L’inizio dell’incubo

È l’inverno del 2015 quando Khadija prende la decisione di voler rientrare in Italia, non prima però di concludere la scuola coranica, così da ricevere il diploma, e non prima che Youssef termini il suo anno accademico. Alla scelta del marito di prendere una seconda moglie, Khadija non sente più nessun obbligo o responsabilità nei suoi confronti, così decide di rientrare in Italia pur mantenendo ovviamente contatti con la sua famiglia.

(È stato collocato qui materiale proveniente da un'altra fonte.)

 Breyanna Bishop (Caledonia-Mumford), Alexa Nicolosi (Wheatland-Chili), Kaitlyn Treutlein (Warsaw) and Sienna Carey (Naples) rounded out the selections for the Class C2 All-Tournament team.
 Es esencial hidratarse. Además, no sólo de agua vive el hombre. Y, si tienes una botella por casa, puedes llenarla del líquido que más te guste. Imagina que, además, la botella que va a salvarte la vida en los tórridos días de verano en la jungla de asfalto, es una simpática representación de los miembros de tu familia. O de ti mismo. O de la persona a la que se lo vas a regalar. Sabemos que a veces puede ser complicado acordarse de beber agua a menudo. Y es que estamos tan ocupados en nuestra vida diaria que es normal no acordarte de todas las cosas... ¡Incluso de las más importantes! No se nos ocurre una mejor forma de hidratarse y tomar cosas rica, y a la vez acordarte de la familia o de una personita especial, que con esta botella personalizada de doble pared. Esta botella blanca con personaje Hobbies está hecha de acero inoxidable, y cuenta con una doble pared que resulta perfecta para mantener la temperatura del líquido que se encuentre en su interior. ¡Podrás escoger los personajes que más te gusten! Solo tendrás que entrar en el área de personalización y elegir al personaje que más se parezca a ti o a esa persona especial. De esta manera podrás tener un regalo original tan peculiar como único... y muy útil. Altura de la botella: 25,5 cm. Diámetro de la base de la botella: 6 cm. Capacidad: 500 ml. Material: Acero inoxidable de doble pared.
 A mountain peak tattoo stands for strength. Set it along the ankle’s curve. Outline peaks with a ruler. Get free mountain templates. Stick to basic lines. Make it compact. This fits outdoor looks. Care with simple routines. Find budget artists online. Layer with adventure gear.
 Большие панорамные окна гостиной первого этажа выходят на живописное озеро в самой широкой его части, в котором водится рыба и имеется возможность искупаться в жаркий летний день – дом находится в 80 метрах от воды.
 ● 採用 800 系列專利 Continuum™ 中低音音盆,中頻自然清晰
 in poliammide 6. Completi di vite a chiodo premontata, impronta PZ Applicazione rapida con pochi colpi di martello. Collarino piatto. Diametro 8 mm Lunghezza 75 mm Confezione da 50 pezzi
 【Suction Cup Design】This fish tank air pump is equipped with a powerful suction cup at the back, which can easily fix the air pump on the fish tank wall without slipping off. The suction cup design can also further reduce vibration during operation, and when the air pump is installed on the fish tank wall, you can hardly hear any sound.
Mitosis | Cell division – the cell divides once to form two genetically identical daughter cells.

È proprio in Italia che, due anni dopo, Khadija riceve la notizia dell’attentato, inizialmente ignara di un coinvolgimento del figlio. La paura e la preoccupazione sorgono a partire dal giorno successivo, quando il marito la informa che non riesce a contattare Youssef. L’agitazione e lo sconforto crescono quando vengono rese note le facce di due dei tre attentatori del London Bridge: uno dei due era un amico del figlio.

Fonte: cartella stampa

Attraverso il suo racconto in prima persona, che accompagna l’intera visione del documentario, Khadija parla dell’angoscia e dell’incredulità provati al momento dell’apprendimento della terribile notizia: Youssef è stato riconosciuto come il terzo attentatore della notte del 3 giugno. Una notizia che, come affermato da Valeria, “ha aperto una voragine, una crepa” nella sua vita.

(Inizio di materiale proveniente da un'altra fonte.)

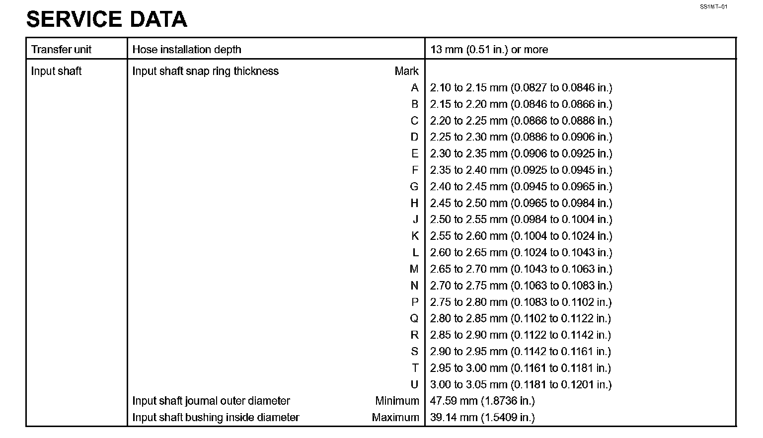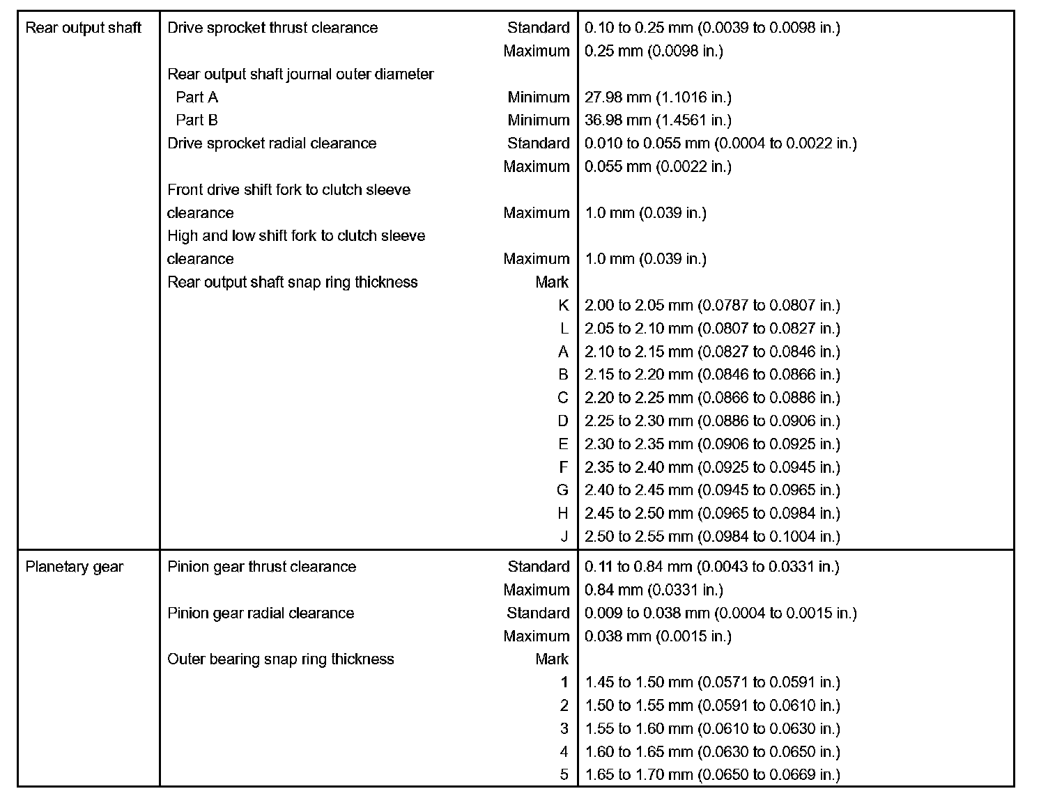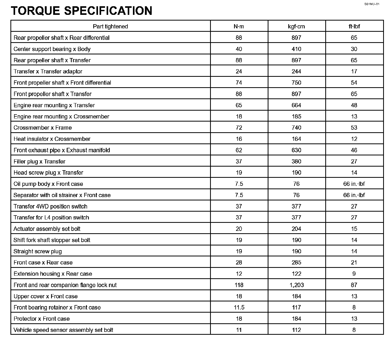 Transfer - Torque Specification: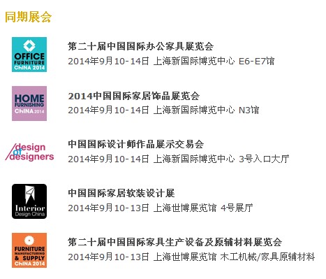 展品范圍 國(guó)際品牌、現(xiàn)代家具、家具設(shè)計(jì)、軟體家具、古典/新古典家具、餐桌椅、

Inizia qui il periodo più difficile, che per giunta ha dovuto affrontare quasi da sola, considerando che molti familiari e amici si sono allontanati, prendendo le distanze ed etichettando Khadija come la “madre del terrorista”.

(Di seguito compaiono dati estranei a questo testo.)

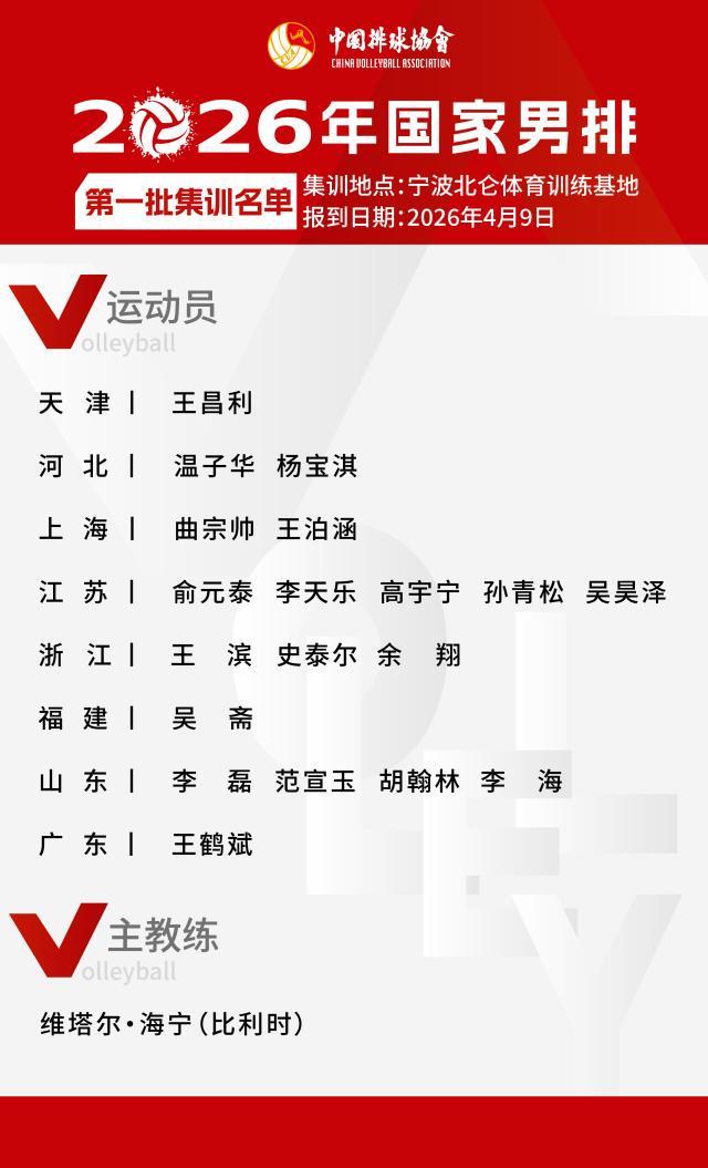 北京时间4月8日,国家体育总局排球运动管理中心正式对外揭晓了2026年中国男排国家队的首批集训大名单。此次集训,共吸引了19名球员的加入,主教练一职依旧由经验丰富的比利时外教维塔尔・海宁担任。根据安排,参与首批集训的教练员和运动员将于4月9日齐聚宁波北仑体育训练基地,开启紧张而充实的集训生活。

“Il loro modo di dire “madre del terrorista” non coincideva con il mio sentirmi madre di Youssef. Non c’entrava niente”.

Khadija

La testimonianza dolorosa di una madre

Nel corso di questi anni, Valeria spiega come abbia tentato di fare qualche passo verso Youssef, pur non potendone mai comprendere o accettare le ragioni che da figlio amoroso lo hanno trasformato in seminatore di morte, tanto da portarla a non prendere parte al suo funerale.

“Non sono voluta andare perché non ho accettato quello che lui ha fatto. Era un modo per dire: «Non sono d’accordo con te!»”.

Khadija

In questo racconto c’è tutta la devastazione emotiva di una madre, restituita con grande efficacia e potenza dalla scelta dei due registi di lasciare interamente la parola a Khadija/Valeria. Con chiarezza e decisione la donna condivide la sua storia, ciò che ha provato nei momenti immediatamente successivi al doloroso annuncio e ciò che ancora prova adesso, a distanza di anni.

Nel corso del documentario vediamo e ascoltiamo una Valeria che cerca quindi di fare i conti col suo passato, di interrogarsi su ciò che possa aver mosso il figlio a compiere un atto così brutale e sanguinoso. Allo stesso tempo però, nel corso della sua testimonianza, apprendiamo anche come senta il bisogno, in quanto madre, di riavvicinarsi al figlio, nel tentativo di trovare pace con il suo ricordo.

“Ho fatto dei passi in più, non verso la comprensione perché non credo ci arriverò mai, però verso Youssef sì. Come quando lui era in Inghilterra e gli chiedevo: «Mandami dei video, delle immagini di dove abiti oppure di dove lavori», perché avevo bisogno di collocarlo in un ambiente.
E anche adesso l’ho collocato e credo che mi abbia fatto bene.”

Khadija

Davide Rizzo e Marzia Toscano confezionano il racconto fortemente emotivo di una madre che cerca di ricostruire un ponte tra sé e il figlio.

Quel ponte che è rumorosamente crollato dopo gli atti violenti e incomprensibili commessi da Youssef la sera del 3 giugno 2017.
Atti che hanno condannato il cuore di sua madre ad un eterno oblio, dal quale la donna sta cercando di risorgere, nel tentativo di fare pace col ricordo del figlio.